Motor carriers are placing larger orders too so they can lock down truck maker’s manufacturing capacity said Don Ake, vice president of commercial vehicles of FTR. “Fleets need more trucks to handle huge freight demand and continue to order trucks at record-setting rates.” The immediate effect of this rising demand for vehicles and new fleet capacity is its effect on pricing. As early as April, industry press were noting demand was increasing the price of used trucks—the outcome of a tightening supply of affordable new vehicles.
There is a driver shortage and everybody knows it. With demand for freight and transportation capacity likely to rise, there’s big spread to take care of and along with it all those new trucks to haul it, the question still remains who’s going to be driving home from the picnic?
Truck fleets operators and others are stepping up their efforts to attract, recruit and retain drivers and are taking a fresh look at all the things that may be keeping drivers away from the profession. For the past 45 years the Roemer Report has reported this extensively and while there may not be a “King” reason, low pay, long hours, harsh, dangerous working environments and driver exploitation tactics have all conspired to send new drivers fleeing the industry after one year. Last December Trucks.com reported turnover rates as high as 95% at some fleets.
It’s no picnic for truck drivers still, but fleet owners and operators, industry groups including truck manufacturers are starting to understand that to attract and keep drivers they have got to put out a better spread. In March the American Trucking Associations metrics show annual truck-driver salaries rose between 15% and 18% from 2013 to 2017, with growth varying based on the type of fleet and the nature of the routes.
In the WSJ Logistics Report quoting ATA stats, Greg Eddy, president of Venture Logistics in Indianapolis, said his fleet is working to reduce driver turnover after more drivers started jumping ship in search of higher pay. He said his company employs about 80% of its drivers full-time, still faces about 75% turnover and drivers are commanding higher guaranteed weekly pay. Eddy said Venture offers “pretty juicy,” benefits, including life insurance, a retirement plan with employer matching, a driver concierge service and other incentives. Eddy explained the bottom line: “Everything that we can do to make that driver’s life and life on the road easier, we try to do it.”
Although tightening capacity and rising costs (including fuel, and equipment prices responding to demand) are all challenging, and will continue to fuel inflation in the sector and economy in general. Perhaps it’s the good kind, especially since the economy has been flat and flaccid for so long. What’s good inflation? Driver wages getting stronger by the minute; that’s what.

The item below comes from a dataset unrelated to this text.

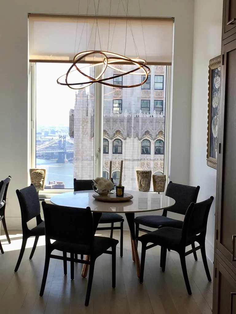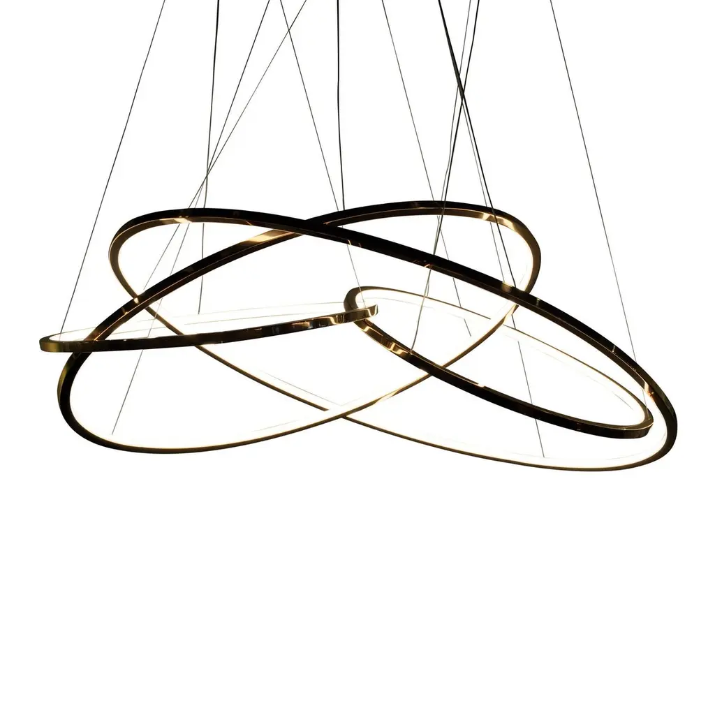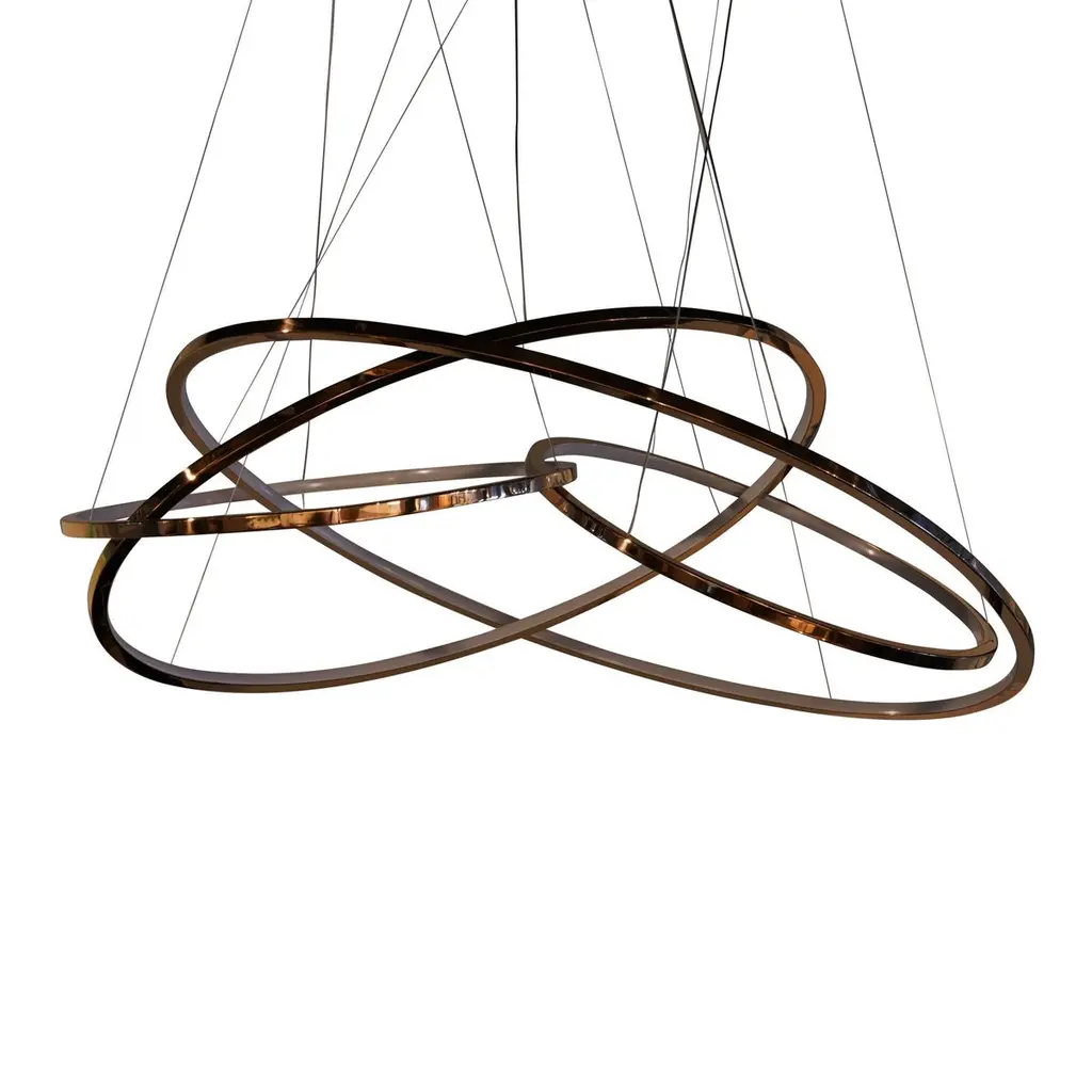 Individual oval rings with integrated LED stripes grouped together.We offer four standard sizes with 3, 4, 5 or 7 rings. Height and tilt of rings can be adjusted.Can be customized to your specifications. Finishes: Rose copper, polishedGold, polished or brushedBronze, polished or brushedChrome, polished or brushedBlack nickel, polished or brushedStandard size: 4 rings: 47"L x 29"W x adjustable height.

The heat of Trump’s rising summer economy is appearing to be doing great things for drivers and correcting a badly skewed balance that used to favor unscrupulous operators, shady shadow shippers, and fly-by-night freight brokers while leaving drivers and their families behind. A better economy means more independence and liberty for all Americans; which everyone knows is led by the trucking industry. Will all the spilled pop, skinned knees and sunburn wind up in the industry’s rear-view mirror after summer is gone? Perhaps, but for now it’s a RED, WHITE and BOOM summer for trucking. Light it up!